The idea to start NICE came as a response to the observations raised in a socio-anthropological study report, which pointed at the need to provide impartial and consistent civic education nationwide. Hence NICE started as ‘a sister project’ to the Malawi-German Program for Democracy and Decentralisation. The first phase of the project started in February 1999 and it focused on sensitising and mobilising voters for Malawi’s second multi-party elections held in June 1999. To ensure local ownership of NICE, Public Affairs Committee collaborated in implementing the NICE project.
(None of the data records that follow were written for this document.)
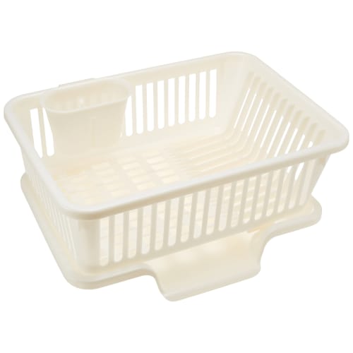 Sanko Plastic (Made in Japan) Dish Drainer, Ryu No.1, Vertical, with Chopstick Holder, Pearl White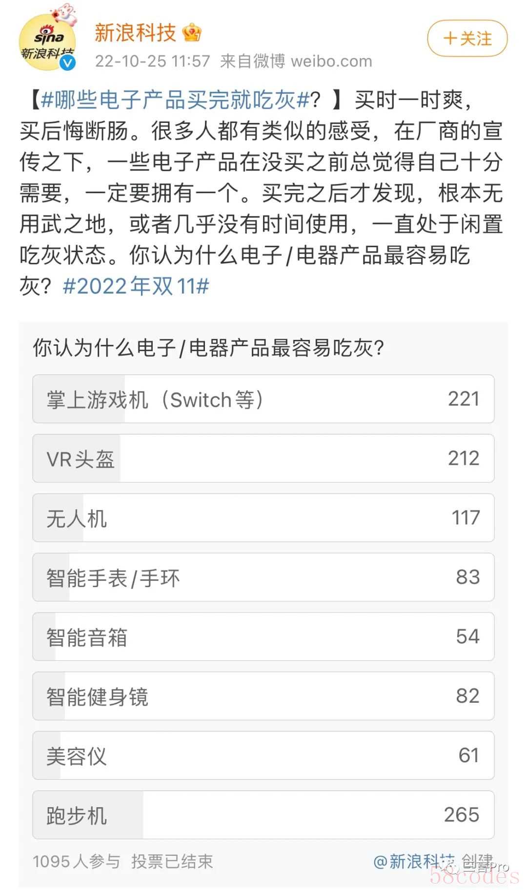 去年,新浪科技曾发起一项“最容易吃灰的电子产品”投票活动,共有1095人参与投票。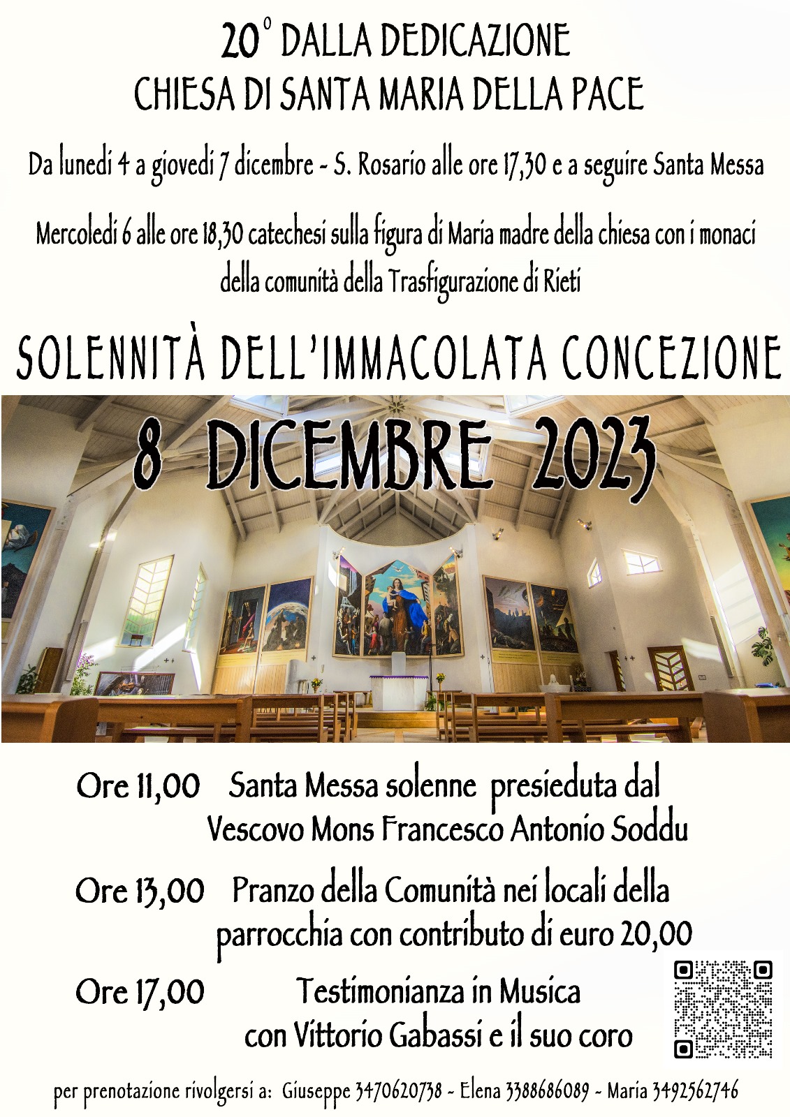 L’8 dicembre 2023 ricorre il 20° anniversario della dedicazione della chiesa di Santa Maria della Pace a Valenza che è stato celebrato alle ore 11 con la solenne messa presieduta dal vescovo Francesco Antonio Soddu e concelebrata dal parroco don Tiziano Presezzi. A seguire il pranzo della comunità nei locali della parrocchia e nel pomeriggio la testimonianza in musica con Vittorio Gabassi e il suo coro.
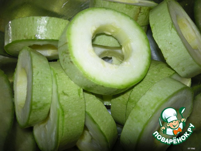 Кабачки нарезаем толстыми колечками примерно 1 см толщиной.
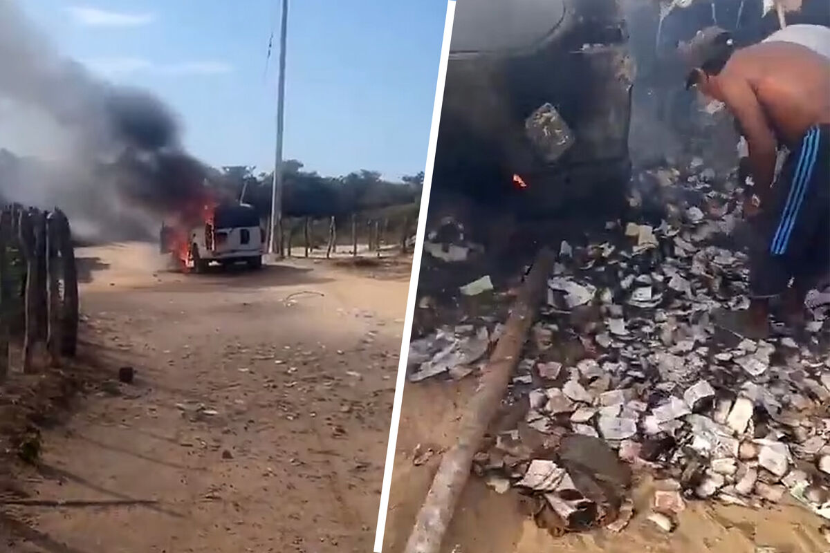 После этого в соцсетях начали распространяться кадры, как местные жители собирают уцелевшие банкноты из-под обгоревших остатков автомобиля. Властям пока удалось найти только четыре из похищенных сумок с деньгами и задержать двух подозреваемых. Точная сумма украденного не называется, но, по данным местных СМИ, речь может идти о миллионах долларов.

The NICE centres (23 district resource centres and 154 rurallibraries) with almost 9,000 volunteers, are now routinely packed with Malawians reading newspapers and books. Many of the users are young and focused on their schooling. For them, the NICE centres offer a quiet environment where it’s easier to focus than in often-crowded and lively homes. They sometimes sit reading outside on the steps, since the rural centres often lack electricity.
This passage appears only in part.